- The problem
Among the lines below, restate word for word only those from the line with "This book is" through the line with "L’application est très", with both end lines kept.

- Information shown
++++++++++
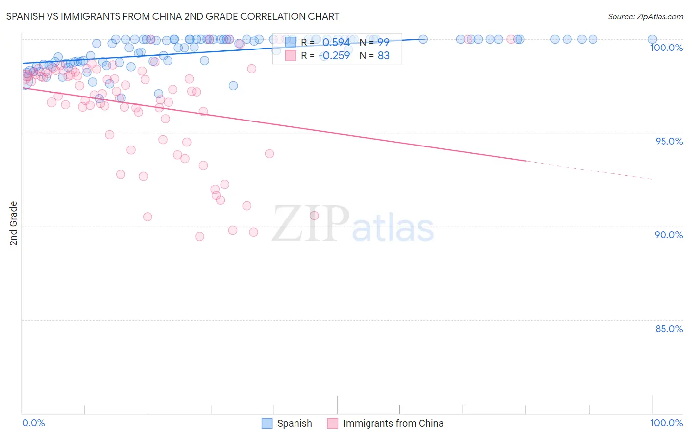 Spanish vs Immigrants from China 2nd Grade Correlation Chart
++++++++++
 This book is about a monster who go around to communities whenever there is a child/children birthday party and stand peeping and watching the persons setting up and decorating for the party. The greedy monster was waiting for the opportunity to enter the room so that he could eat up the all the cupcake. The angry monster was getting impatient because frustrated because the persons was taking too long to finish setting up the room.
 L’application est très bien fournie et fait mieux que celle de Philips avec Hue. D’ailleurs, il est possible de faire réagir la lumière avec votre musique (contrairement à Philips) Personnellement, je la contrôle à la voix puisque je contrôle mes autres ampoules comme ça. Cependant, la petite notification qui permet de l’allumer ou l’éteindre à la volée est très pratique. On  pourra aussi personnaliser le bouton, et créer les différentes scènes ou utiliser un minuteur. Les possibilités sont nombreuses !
++++++++++
- Solution to the problem
 This book is about a monster who go around to communities whenever there is a child/children birthday party and stand peeping and watching the persons setting up and decorating for the party. The greedy monster was waiting for the opportunity to enter the room so that he could eat up the all the cupcake. The angry monster was getting impatient because frustrated because the persons was taking too long to finish setting up the room.
 L’application est très bien fournie et fait mieux que celle de Philips avec Hue. D’ailleurs, il est possible de faire réagir la lumière avec votre musique (contrairement à Philips) Personnellement, je la contrôle à la voix puisque je contrôle mes autres ampoules comme ça. Cependant, la petite notification qui permet de l’allumer ou l’éteindre à la volée est très pratique. On  pourra aussi personnaliser le bouton, et créer les différentes scènes ou utiliser un minuteur. Les possibilités sont nombreuses !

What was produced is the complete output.